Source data
━━━━━━━━━━━━━━━━

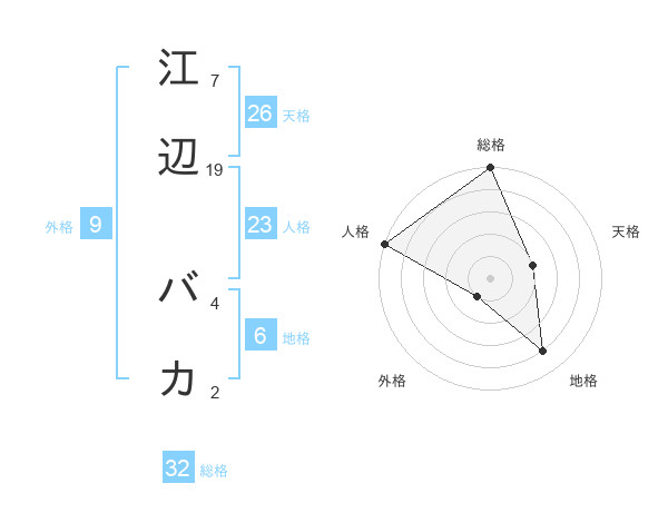 江辺 バカさんの総格は32画の5点!
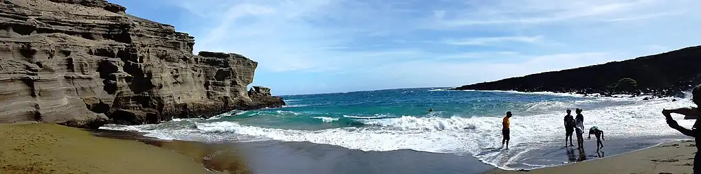 The formation of the tuff ring is currently a point of contention, with some arguing that lava flowing into the sea was suddenly cooled, forming an edifice on the coastline (a littoral cone) and others noting that the cone was most likely too far away from the ocean at the time of formation (sea level was much lower during the last Ice Age, when the cone formed) to make such an event possible.[5] Regardless of how it was formed, according to the United States Geological Survey, the last lava flow in the area ended over 10,000 years ago, making the area one of the more stable features in the geologically turbulent Kaʻū region.[14] As such, the geologic history of the site can be seen in the rock surrounding the beach and bay, which are not subject to erosion and thus display geologic layers formed by previous eruptions, lava flows, and other volcanic events.[15] In addition, the current patterns of erosion can be seen first-hand, as only the portions at the bottom of the tuff ring collapse have been subject to the waves and turned into green sand; the remaining portions appear gray.[16]
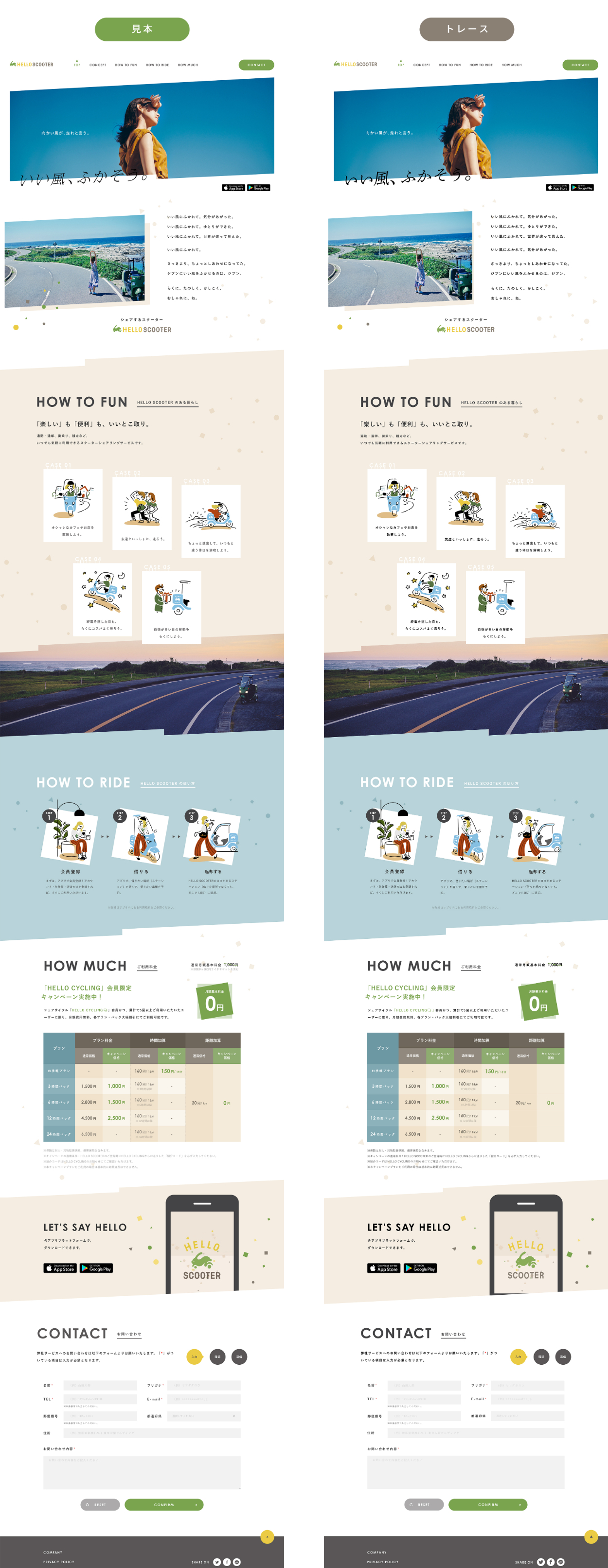 今回トレースしたサイトの表のように、横幅が広い図の見せ方や問い合わせ欄の適切なサイズについて知ることができました。
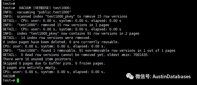 真空的主要工作是回收被标记为dead 的元组占用的存储空间。回收的存储空间不会返回给操作系统,而是在同一个页面中进行整理,因此将来在同一个表中插入数据时可以重用它们。当对特定表执行真空操作时,可以同时对同一表执行其他读/写操作,因为对特定表不执行独占锁。如果没有指定表名,将对数据库的所有表执行VACUUM。
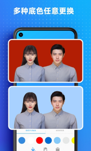 3.修改背景色,白色背景、蓝色背景、红色背景照片可自由更改,专业标准背景色使照片更符合要求。

━━━━━━━━━━━━━━━━

What to work on
Hand back all the entries exactly, leaving out the pictures.

Response to the task
 江辺 バカさんの総格は32画の5点!
 The formation of the tuff ring is currently a point of contention, with some arguing that lava flowing into the sea was suddenly cooled, forming an edifice on the coastline (a littoral cone) and others noting that the cone was most likely too far away from the ocean at the time of formation (sea level was much lower during the last Ice Age, when the cone formed) to make such an event possible.[5] Regardless of how it was formed, according to the United States Geological Survey, the last lava flow in the area ended over 10,000 years ago, making the area one of the more stable features in the geologically turbulent Kaʻū region.[14] As such, the geologic history of the site can be seen in the rock surrounding the beach and bay, which are not subject to erosion and thus display geologic layers formed by previous eruptions, lava flows, and other volcanic events.[15] In addition, the current patterns of erosion can be seen first-hand, as only the portions at the bottom of the tuff ring collapse have been subject to the waves and turned into green sand; the remaining portions appear gray.[16]
 今回トレースしたサイトの表のように、横幅が広い図の見せ方や問い合わせ欄の適切なサイズについて知ることができました。
 真空的主要工作是回收被标记为dead 的元组占用的存储空间。回收的存储空间不会返回给操作系统,而是在同一个页面中进行整理,因此将来在同一个表中插入数据时可以重用它们。当对特定表执行真空操作时,可以同时对同一表执行其他读/写操作,因为对特定表不执行独占锁。如果没有指定表名,将对数据库的所有表执行VACUUM。
 3.修改背景色,白色背景、蓝色背景、红色背景照片可自由更改,专业标准背景色使照片更符合要求。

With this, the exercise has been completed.